For two decades, the state has encouraged investments by individuals and businesses in renewable energy partnerships. The most recent version of the incentive gave investors a 35% tax credit on money they invested. The credit must be taken in five equal installments.

 The program ended in 2016, but investors who had projects under way could continue taking credits.

Some solar project builders created partnerships to transfer the credits, essentially selling them to individuals or businesses with substantial tax liabilities. CJ has reported some of these partnerships involved insurance companies, banks, and other financial institutions, not just utilities or energy businesses.

These pass-through entities drew the attention of DOR. In September, it issued a notice disallowing credits for some partnership arrangements used to finance solar projects. DOR said the federal Internal Revenue Code doesn’t allow such arrangements, so the state shouldn’t allow them, either.

Some attorneys familiar with tax law say DOR’s interpretation is wrong.

Kay Hobart of the Raleigh office of Parker Poe wrote about the issue in April for Bloomberg Daily Tax Report. Before joining Parker Poe, she served as special deputy attorney general leading a team of lawyers representing DOR.

Hobart called DOR’s ruling on partnerships “a new and extremely restrictive interpretation that is taking investors, developers, and the market by surprise.” She said the DOR’s position would put hundreds of millions of dollars of anticipated tax credits at risk. She said it appears to be at odds with the intent of the General Assembly and a recent N.C. Supreme Court decision involving the Internal Revenue Code.

In July, N.C. Chamber General Counsel Ray Starling wrote about the issue in Triangle Business Journal. He said the promise of a 35% tax credit made many of the projects economically feasible. The credits ended in 2016, and the safe-harbor provision should have allowed investors to continue collecting credits. But DOR is disallowing credits for the final three years of the program, even though the law hasn’t changed, Starling said.

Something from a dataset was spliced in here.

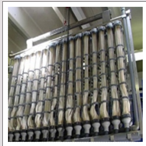
Waste Water Recycling Plant
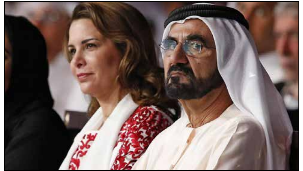
THAT'S RICH: Princess Haya and Sheikh Mohammed bin Rashid al-Maktoum

Giving evidence, the princess admitted she had taken money from one of her children's bank accounts to 'pay off' a

He said DOR’s actions threaten other tax credit programs, including the one for rehabilitating historic structures. By “changing the rules of the game on taxpayers after the game was over, the DOR is threatening North Carolina’s favorable tax climate,” he said.

CJ recently reported North Carolina has issued more than $1 billion in renewable energy tax credits through 2018. A North Carolina attorney representing a client affected by the situation spoke to CJ under a promise of anonymity because his client’s situation is under review. The attorney said DOR began questioning the credits in April 2017, but waited until September 2018 to send an advisory. By then, investments had been made. Credits were taken under the assumption they were legal.

The attorney said the partnership model DOR has challenged was frequently used.

DOR Director of Public Affairs Schorr Johnson told CJ the agency can neither comment on nor confirm any audit activity or taxpayer information. “The department supports renewable energy and historic preservation tax credits as allowed by law,” he said.

Johnson didn’t respond to questions from CJ estimating the value of the rejected tax credits or identifying who changed the interpretation of partnerships Starling mentioned. 

Johnson reiterated the DOR position that some partnerships aren’t eligible for tax credits because DOR applies the federal Internal Revenue Code definition of a partner — which excludes the type of pass-through entities that often obtain these credits.

North Carolina has nearly 500 utility scale solar projects.